Стоп! Я буквально поймал себя за шиворот. Какой личностный рост, какие птичьи трели, если городского жителя всегда легко узнать по звукам тикающих внутри него стрелок. Тик-так, тик-так. Я ведь понятия не имею, который нынче час, но минутное бесцельное сидение на камне уже отозвалось во мне настойчивым позывом к действию. Не в этом ли первопричина происходящей с нами катастрофы?
Из глубины каменных веков человек покорял земное пространство, своими шершавыми ручками строил города, чтобы все видели, кто здесь хозяин. И когда пространство сдалось, человек пошел в наступление на время, которое еще недавно не казалось ему чем-то важным – минутная стрелка появилась всего-то пятьсот лет назад. Постепенно мир обуржуазился, и конкуренция в нем вышла на новый виток: чтобы один производитель обогнал другого, потребовалось выпускать больше товаров за единицу времени. И никакие экономические кризисы не убедили мир, что так долго продолжаться не может. Напротив, мир узнал, что остановить выпуск товаров невозможно.
Люди превратились в рабов своего времени. От хорошего работника требуется все знать, успевать, контролировать и вдобавок что-то постоянно оптимизировать, внедрять и убыстрять. Рано или поздно человек не выдерживает им же заданного производственного темпа, изнашиваясь куда быстрее машин.
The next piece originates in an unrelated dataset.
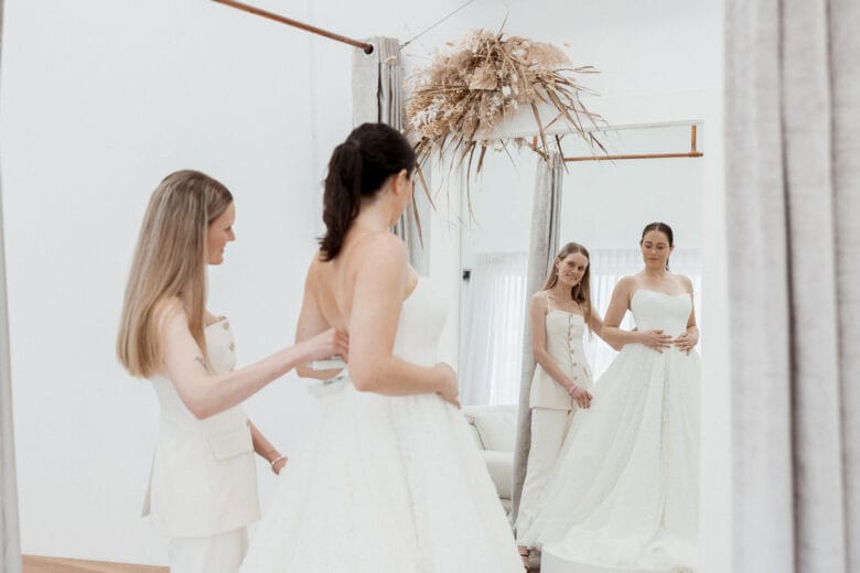 Step into our bridal lounge and discover a world designed entirely around you, whether it’s uncovering silhouettes that make your heart race or adding bespoke touches that make your gown one of a kind. We believe wedding dress shopping should be thoughtful, joy-filled, and entirely yours.

Он превратил в работу свой досуг.
Средний человек работает сорок часов в неделю из ста шестидесяти восьми. Казалось бы, оставшееся время он должен проживать на малых скоростях, чтобы дать отдых ревущему мотору. Но ничего подобного не происходит, потому что в век информации каждый знает, сколько всего упускает. Что на свете есть коралловые острова и белоснежные яхты, Джанфранко Ферре и Кейт Мосс, фабрика грез и три тенора, китайский фарфор и тайский шелк, смартфоны и климат-контроли, а также выставки, показы и презентации, которые надо увидеть, посетить, потрогать или как-то еще потребить. Сегодня человек знает, сколько всего, оказывается, проходит мимо него. Поскольку жизнь коротка, а соблазнительных образов много, потреблять их приходится на бегу с выпученными как у лани глазами. В свободное время всякий член общества обязан заниматься на велотренажере, побывать в Лондоне, смотреть нового Ларса фон Триера. Благодаря техническим новшествам, мы умудряемся одновременно управлять автомобилем, говорить по телефону, слушать музыку и принимать пищу. Человек даже не успевает перерабатывать впечатления своей маленькой головой, просто накапливая их, как ростовщик копит деньги.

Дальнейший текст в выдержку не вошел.